Надя не стала спорить, ей хотелось, чтобы Манефа не стеснялась ни разности их лет и жизненного опыта, ни разности в служебном табеле. Но что-то все-таки кольнуло Надю, и больно: что есть между ними общего? И есть ли оно? Может, что обе холостые?
— А что же у нас общего? — спросила ока, не надеясь на прямой ответ, но Манефа, не задумываясь, сказала:
— Я не считаю себя глупышкой и вижу, что и вы тоже не считаете себя, А раз я живу тут не по доброй воле, то получается, что и у вас что-то не того… Разве не так?
Надя вытерла обрывком газеты руки, долгим взглядом посмотрела на Манефу, а та вроде и не заметила пристального внимания к себе, ловкими пальцами хирургической сестры разделывала рыбью голову.
— Прежде чем ответить, я хотела бы узнать, какая это недобрая воля держит вас здесь? Меня ничто не удержало бы, если бы я не захотела.
— Эх, Надежда Игнатьевна, вы вроде и постарше меня, а наивности в вас, как в ребенке. Не обижайтесь, дура я, что думаю, то ляпаю.
— Что вы, это по мне…
— Да, навязалась мне на шею родничка. И какая она родничка? — Манефа сбегала за марлевую занавеску, принесла чайник. — Я даже не пойму, кем она мне приходится. Мамина будто бы сестра, значит, тетка. Разыскала меня в детском доме. Я и думать не думала, что она у меня есть.
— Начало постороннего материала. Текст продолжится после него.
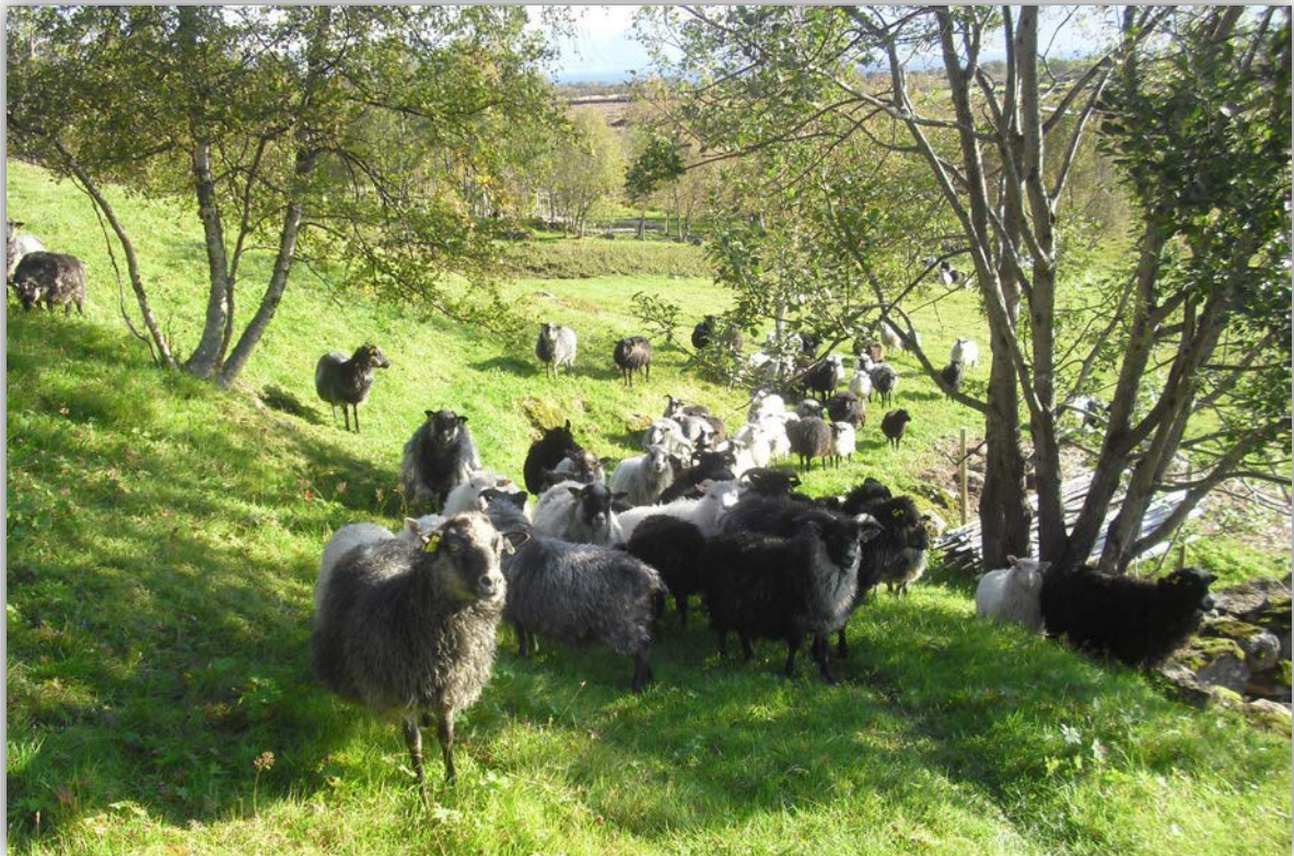
(Gammelnorsk sau som beiter innmarksbeite på Haukenes i Hadsel.) (Baksida: Storfe på utmarksbeite i Risdalen.)

** avhengig av terreng og tilgjengelighet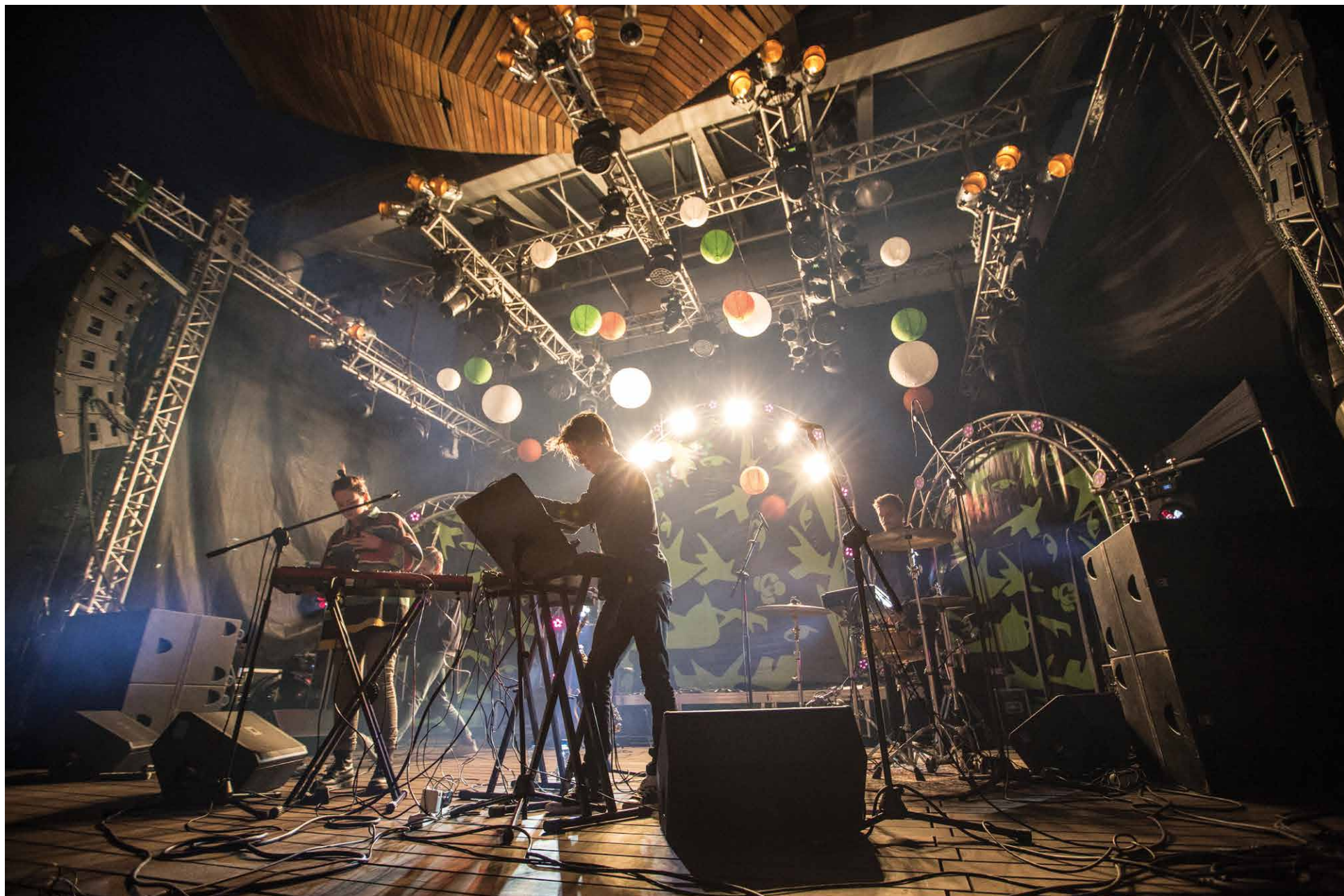
Halfway Festival Białystok 2015, Opera i Filharmonia Podlaska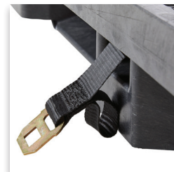
Correas de 2" / Lazos de fácil agarre de longitud mínima de 59"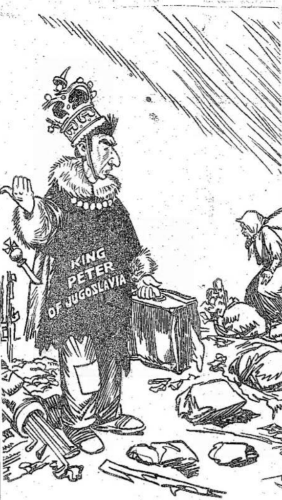
Dar Vienas Išvietintas Asmuo

Cia galima pastebėti, kad Kanados lietuviai savo kovotojų niekad nepamiršo. Tik per Liaudies Balsą jie yra pasiuntę tiems kovotojams dovanų už 900 dolerių su viršum. Kurie dar užjūryje, tiems ir toliau yra siunčiama cigarečių ir kitokių dalykų.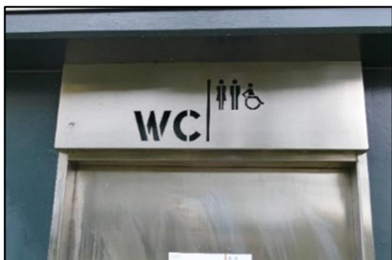
Duidelijk aangegeven aan de parkzijde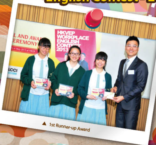
▲ 1st Runner-up Award

1st runner-up, Strongest Language Skills (individual prize) and the Employer's Most Favourite Video .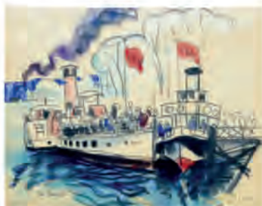
Tableau de Le Trividic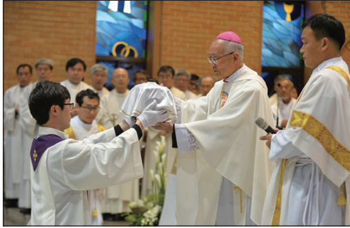
▲ 성목요일 성유축성미사(중앙성당/장덕영 기자)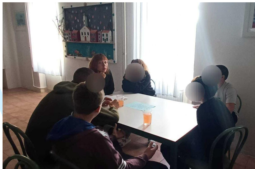
Slika 3 Radionica Socijalnih vještina u Kaštel Lukšiću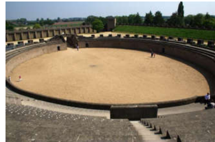
Amfitheater van Xanten

Christenen zijn hun leven vaak niet zeker, omdat ze weigeren offers aan de keizer te brengen. Maarf dankzij de nieuwe keizer zijn christenen officieel niet meer vogelvrij.

А с папой и мамой что-то случилось, я и не знаю, и не помню. Жила бы я там, как все, если бы она не оказалась. Забрала она меня, выучила. Ох и навязалась на мое горе. Если бы не она, пошла бы я на фронт, это уж обязательно. Так готовилась, так хотела.
— Что же это за старуха? И где она?
— Аптекарша у нас в больнице. Так и живем: куда она, туда и я, куда я, туда и она. Разве жила бы я здесь, если бы не она? В города ее не пускают, а стало быть, не пускают и меня.
— Ерунда какая-то! — Надя задумалась. — Да… А вот я сюда приехала по своей воле. Ни к кому никакой цепью не привязана. Хотя… Хотя, признаюсь, и надо мной висит нечто обязательное.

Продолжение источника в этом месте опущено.